There have been no objections filed to the Chief Magistrate’s Report and Recommendation.

On January 4, 1984, upon motion of the defendants, the Court entered an order granting an indefinite continuance of the trial of this criminal action pending the Supreme Court handing down its opinions *460in Maine v. Thornton and Oliver v. United States. In the meantime, the Court has deferred its ruling on the joint motion to suppress.

On April 17, 1984, the Supreme Court handed down its consolidated opinion in the above-identified cases. See Oliver v. United States,_U.S__, 104 S.Ct. 1735, 80 L.Ed.2d 214 (1984), 34 CrL 3011. The Court, by a 6 to 3 vote, reaffirmed its holding in Hester v. United States, 265 U.S. 57, 45 S.Ct. 445, 68 L.Ed. 898 (1924) that the “open fields” doctrine permits police officers to enter and search a field without a warrant. In its opinion in Oliver, the Court stated:

“Nor is the government’s intrusion upon an open field a ‘search’ in the constitutional sense because that intrusion is a trespass at common law. The existence of a property right is but one element in determining whether expectations of privacy are legitimate. ‘ “[T]he premise that property interests control the right of the Government to search and seize has been discredited.” ’ Katz, 389 U.S., [347] at 353 [88 S.Ct. 507, 512,19 L.Ed.2d 576] (quoting Warden v. Hayden, 387 U.S. 294, 304 [87 S.Ct. 1642, 1648, 18 L.Ed.2d 782] (1967)). ‘[E]ven a property interest in the premises may not be sufficient to establish a legitimate expectation of privacy with -respect to particular items located on the premises or activity conducted thereon.’ Rakas v. Illinois, 439 U.S., [128] at 144 n. 12, [99 S.Ct. 421, 430-31 n. 12, 58 L.Ed.2d 387].
The common law may guide consideration of what areas are protected by the Fourth Amendment search by defining areas whose invasion by others is wrongful. Id., at 153 (POWELL, J., concurring). The law of trespass, however, forbids intrusions upon land that the Fourth Amendment would not proscribe. For trespass law extends to instances where the exercise of the right to exclude vindicates no legitimate privacy interest. Thus, in the case of open fields, the general rights of property protected by the common law of trespass have little or no relevance to the applicability of the Fourth Amendment.” 35 CrL, at 3012-3013.

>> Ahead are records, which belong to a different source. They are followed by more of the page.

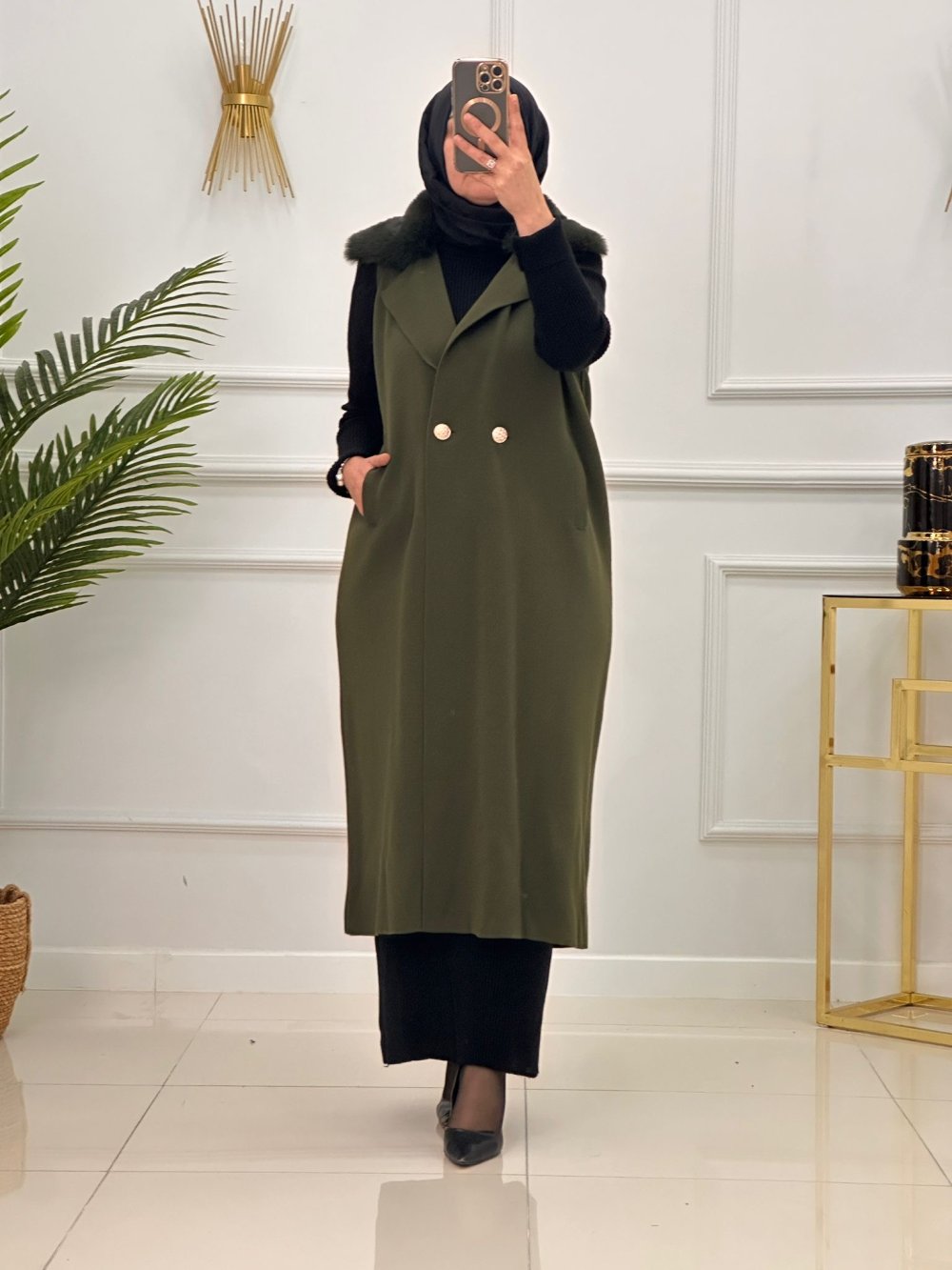 Ürün triko kumaştır yakasında takıp çıkarılabilen kürk vardır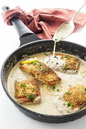 Pan fried chicken smothered in an addictively delicious tangy lemon butter sauce, with hints of capers and fresh herbs.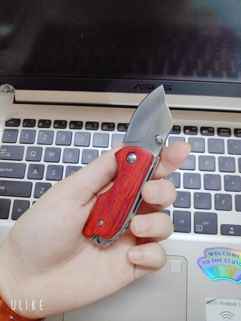 Dao mini nhỏ gọn bỏ túi- khui thùng giấy.Cán gỗ- thép không gỉ.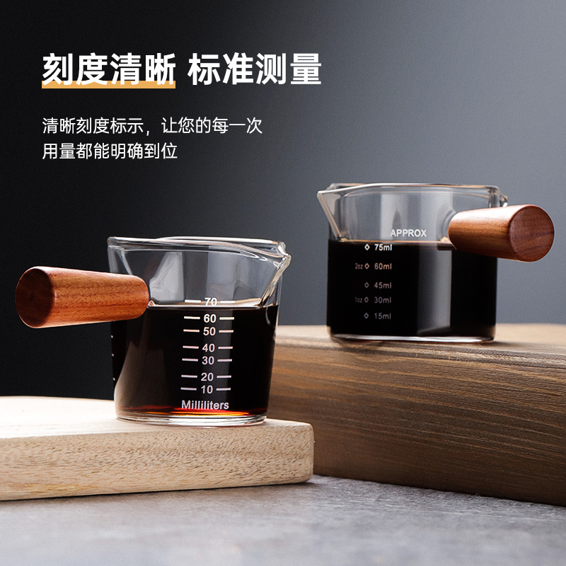 espresso extraction measuring cup with graduated coffee lotion angs cup glass measuring cup with handle wooden handle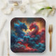 Fantasy Cute Red Blue Dragons Paper Plate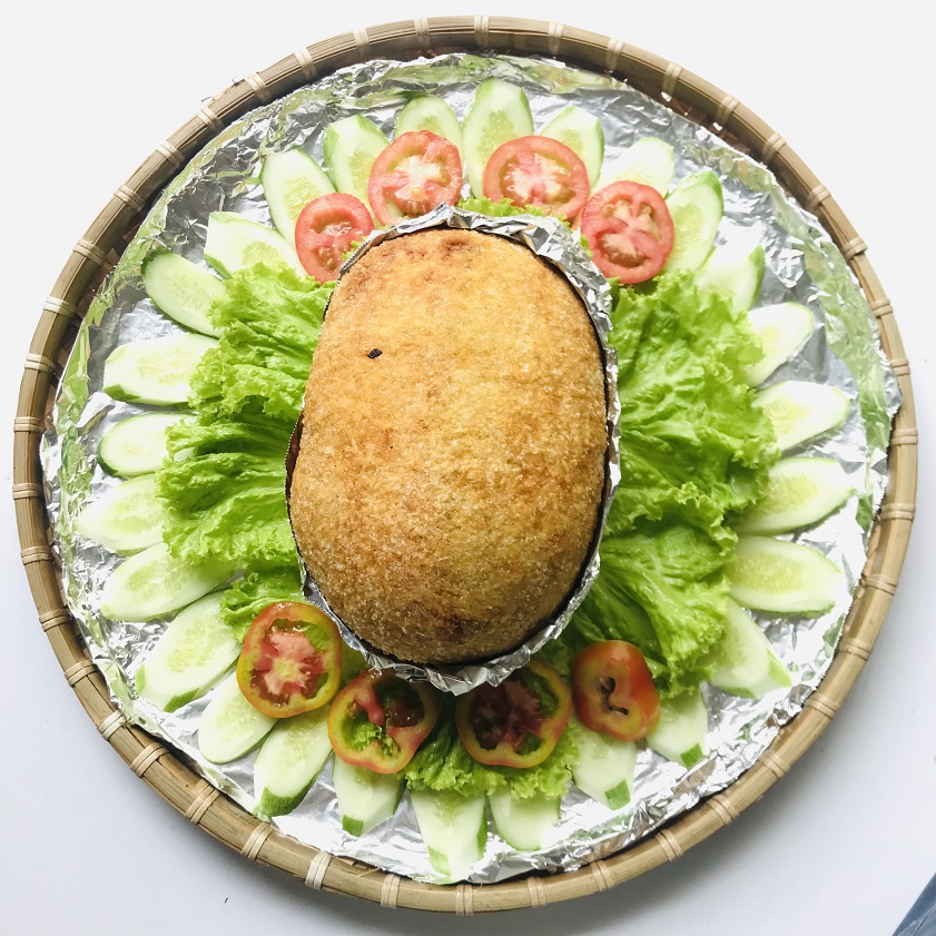 Gà được bao bọc bên trong lớp xôi dẻo, sau đó chiên vàng giòn. Bên ngoài, nó trông như một quả trứng khổng lồ đầy ấn tượng. Thịt gà ở đây chín mềm, đầy nước, không hề khô. Lớp xôi bên ngoài giòn tan, trong mềm dẻo và mang hương thơm đặc trưng của nếp.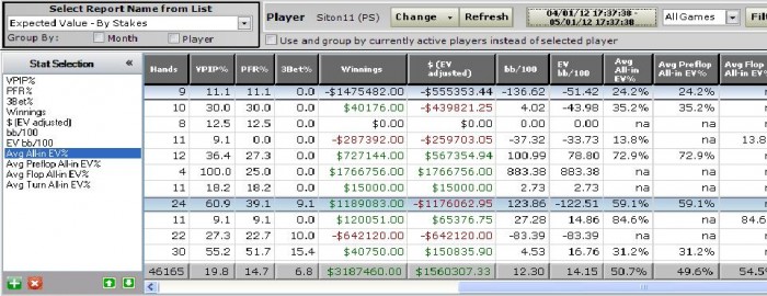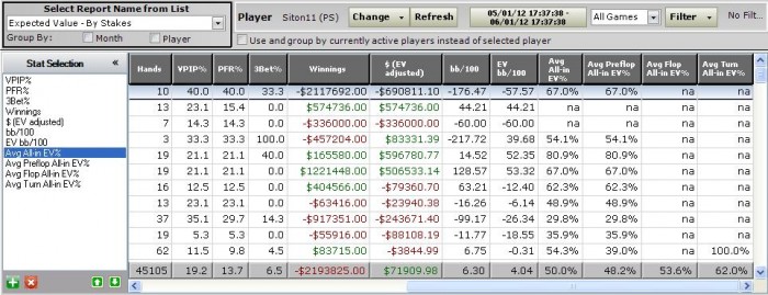 Кстати мой средний префлоп ОЛЛИН 48%. Какой должен быть показатель регуляра? Может я слишком часто выставляюст префлоп или наоборот мало?Может это как-то влияет на результат в деньгах на дистанции?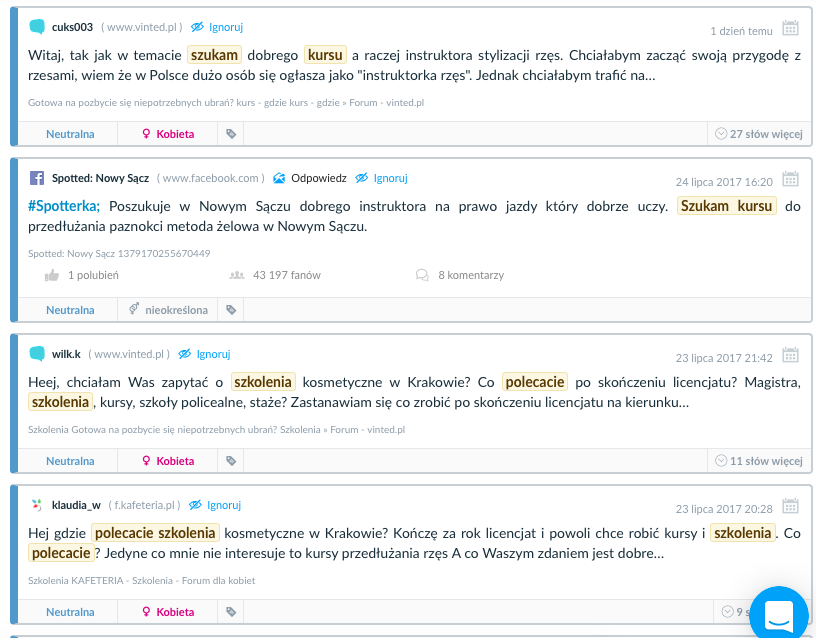 Tylko tyle wystarczy, aby włączyć się w dyskusję i przekonać do siebie klienta. Całą ścieżkę możesz oczywiście zmodyfikować, wpisując dowolne słowa kluczowe i stosując różne filtry, w łatwy i szybki sposób dostosowując je do swojej branży i potrzeb.

The Court has made a de novo review of the pleadings and the transcript of the evidentiary hearing before the Chief Magistrate and hereby adopts the Chief Magistrate’s proposed findings of fact and conclusions set out in his report as findings and conclusions of the Court.

The Court further adopts the suggestions of the Chief Magistrate as findings and conclusions of the Court that:

1. The processing area where the arrest was made and the “about” thirteen (13) pounds of marihuana were seized was not within the curtilage because (a) the processing area was situated in a wooded area, (b) the processing area was situated approximately 350 to 375 yards from the basement house and approximately 100 to 125 yards from the shed, (c) the area between the shed and processing area was bare of structures or fences, and (d) there was no indication of domestic use and enjoyment of the processing area; and
2. The question of whether the marihuana seized by the state troopers was obtained by unreasonable search and seizure is to be judged as if the search had been made by federal officers; therefore, whether the state troopers violated state law is not relevant. United States v. Montgomery, supra; United States v. Ross, supra.

It is

ORDERED that the joint motion of the defendants to suppress the about thirteen (13) pounds of marihuana mentioned in Count One of the indictment be, and the same is hereby, denied.